The streets are modeled to include all necessary components such as lanes🛣️, intersections❌, traffic signals🚦, and road markings⬆️. We also incorporate pedestrian pathways, cycling lanes, and parking areas. Data from traffic monitoring systems and mapping services help ensure that the street layout and traffic flow patterns are accurate and realistic.

2.1.3 Other Elements

Other elements include street furniture🚸 (benches, streetlights, signs) , vegetation🌳 (trees, shrubs, lawns), and urban amenities🚉 (bus stops, metro-entrances, public restrooms). These are also created using Blender, based on real-world references from the street view services mentioned above. Additionally, dynamic elements like vehicles🚗 and pedestrians🚶 are simulated to move realistically within the environment, contributing to the liveliness and accuracy of the urban simulation. The simulation algorithms of vehicles and pedestrians are based on Mirage Simulation System.

2.2 Manual Control

keyboard_control.py allows you to control the drone using a keyboard. To use it, ensure the pop-up window is in focus and the input method is set to English. The key mappings are as follows:

↑: Move forward
↓: Move backward
←: Move left
→: Move right
W: Move up
S: Move down
A: Rotate left
D: Rotate right

This script can be combined with other AirSim functions to achieve additional capabilities.

2.3 Starting Position

You can use AirSim's simSetVehiclePose function to teleport the vehicle to a meaningful starting position. The following command demonstrates this:

target_position = airsim.Vector3r(7481.66602, -3555.18677, -53.36726)
client.simSetVehiclePose(airsim.Pose(target_position, airsim.Quaternionr(0, 0, 0, 1)), True)

3 Embodied Task 📋

3.1 Environment

Download and extract the full embodiedcity simulator of offline version. Users can download the offline simulation environment for local deployment to train and test agents. The platform provides versions compatible with Windows system, enabling quick deployment and testing.

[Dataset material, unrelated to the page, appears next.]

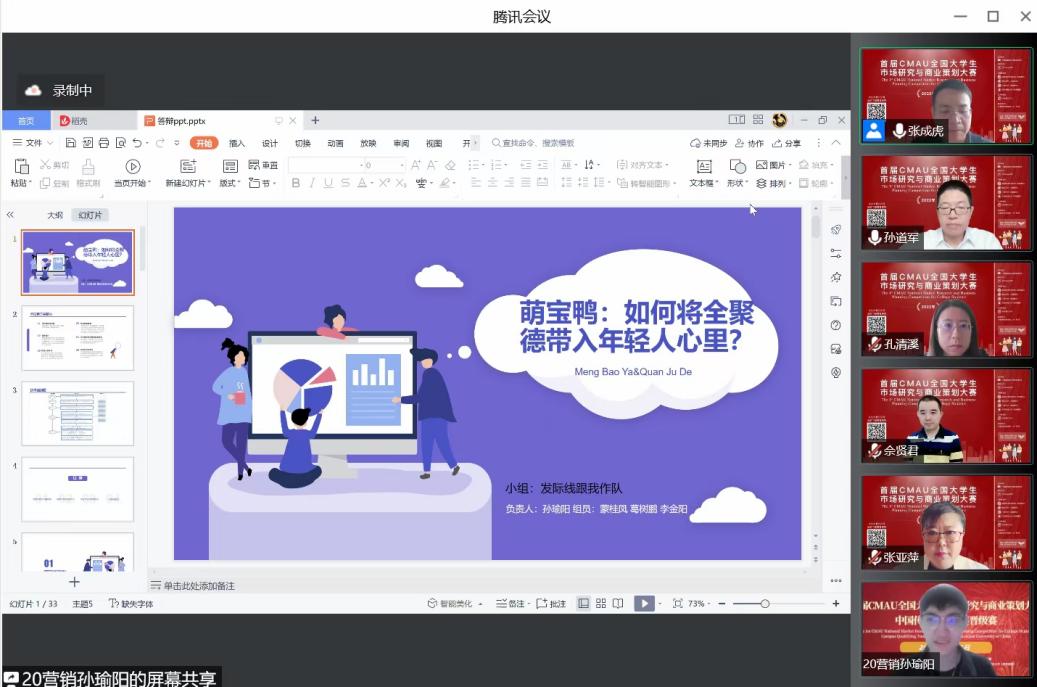 各位评委老师对各参赛队伍的综合表现给予了充分的肯定,认为参赛选手态度端正、表现优异,充分展现了各组在市场调研分析能力上的专业性以及在商业策划方面的创造性;同时,对正在经历疫情却仍出色完成调研报告答辩的同学们表示慰问。比赛最后,孙道军老师和佘贤君老师对本次比赛做了总结。

For simulator download links, please refer to: link

Then the Python environment can be installed as follows:

conda env create -n EmbodiedCity -f environment.yml
conda activate EmbodiedCity

or

conda create -n EmbodiedCity python=3.10
conda activate EmbodiedCity
pip install -r requirements.txt

To verify the environment setup for AirSim, please follow the steps below:

Set AirSim to 'Multirotor' Mode: Open the AirSim settings file (settings.json) and ensure that the SimMode is set to 'Multirotor'. For example:

{
    "SeeDocsAt": "https://github.com/Microsoft/AirSim/blob/master/docs/settings.md",
    "SettingsVersion": 1.2,
    "SimMode": "Multirotor"
}

Run the Test Script: Execute the airsim_test.py script provided in this folder. You can run the script using the following command:

python airsim_test.py

Verify the Output: If the environment is configured correctly:

You should observe the drone taking off and flying upward in the AirSim simulation.
The script will capture RGB observations from the drone's front-facing camera.
The captured images will be saved in the current folder.

If all the above steps work as expected, your AirSim environment is successfully configured.

3.2 Running

We provides an example of a Vision-Language Navigation (VLN) task implementation.

Files and Directories

Code: The main code for the VLN task is located in embodied_vln.py.
Dataset: The corresponding dataset files are located in:
- Datasets/vln/start_loc.txt - Defines the starting locations and instructions for each VLN task sample.
- Datasets/vln/label - Contains the ground truth trajectories.

Usage

In embodied_vln.py, the VLN_evaluator class is defined. You need to provide the dataset path, the model to be evaluated, and the corresponding API key.

Set up model and API key:

model = "xxxxx"  # LM models, e.g., "claude-3-haiku-20240307", "gpt-4o"
api_key = "xxxxxxxxx"  # Fill in your API key

Initialize the VLN evaluator:

vln_eval = VLN_evaluator("Datasets/vln", model, api_key)

Run the evaluation:

vln_eval.evaluation()

We support multimodal models from OpenAI and Claude. If you wish to use a custom model, you can modify the LM_VLN class in utils.py.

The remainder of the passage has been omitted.